In sum, the arguments raised by Plaintiff, individually and cumulatively, fail to establish that the testimony of Kirkland and Ellis is necessary to the instant proceeding. Moreover, at this stage of the litigation, without having conducted depositions to address any of these matters, Plaintiff has not shown that there is any reason to believe, let alone a substantial likelihood, that Kirkland's testimony will be adverse to its client, and therefore prejudicial. Accordingly, Plaintiff's motion for disqualification is denied.*fn8
Defendants, arguing that Plaintiff's motion is frivolous, request that the Court award sanctions against Plaintiff in the amount of Defendants' reasonable attorneys' fees incurred in defending this motion. (See Def. Mem., at 22-23.) While the Court finds Plaintiff's motion for disqualification to be wholly unpersuasive, sanctions will not be awarded at this time.

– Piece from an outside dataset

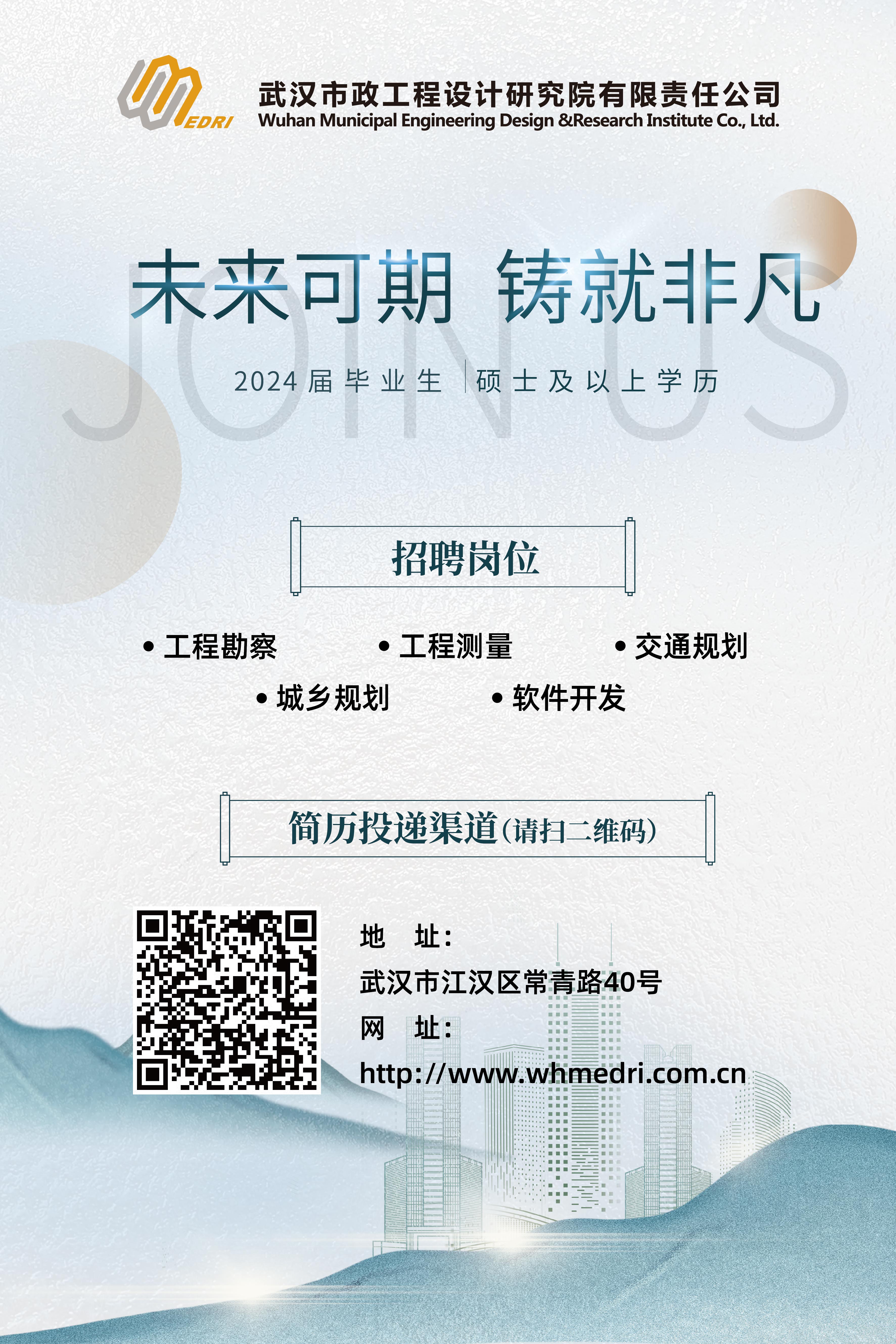 未來(lái)可期 鑄就非凡 武漢市政設(shè)計(jì)院2024屆校園招聘

First, Defendants have not moved under Rule 11 of the Federal Rules of Civil Procedure. And, because they have requested sanctions against Plaintiff, not Plaintiff's counsel, (see Def. Mem., at 23), sanctions are not available under 28 U.S.C. § 1927. See 28 U.S.C. § 1927 ("Any attorney . . . who so multiplies the proceedings in any case unreasonable and vexatiously may be required by the court to satisfy personally the excess costs, expenses and attorneys' fees reasonably incurred because of such conduct." (emphasis added)); see, e.g., State Street Bank and Trust Co. v. Inversions Errazuriz Limitada, 374 F.3d 158, 180 (2d Cir. 2004); Revson v. Cinque & Cinque, P.C., 221 F.3d 71, 79 (2d Cir. 2000).
Finally, while courts have the inherent power to sanction parties as necessary to "manage their own affairs so as to achieve the orderly and expeditious disposition of cases," Revson, 221 F.3d at 78 (quoting Chambers v. NASCO, Inc., 501 U.S. 32, 43, 111 S.Ct. 2123 (1991)), '[a]n award of sanctions under the court's inherent power requires both clear evidence that the challenged actions are entirely without color, and are taken for reasons of harassment or delay or for other imporper purposes . . . ." Revso, 221 F.3d at 78 (internal citations and quotations omitted). Defendants have not shown clear evidence that Plaintiff pursued this motion in bad faith, and hence the Court declines to sanction Plaintiff in accordance with its inherent authority to do so.
For the reasons set forth above, Plaintiff's motion to disqualify Kirkland & Ellis as counsel for Defendants is denied, and Defendants' request for sanctions against Plaintiff is also denied.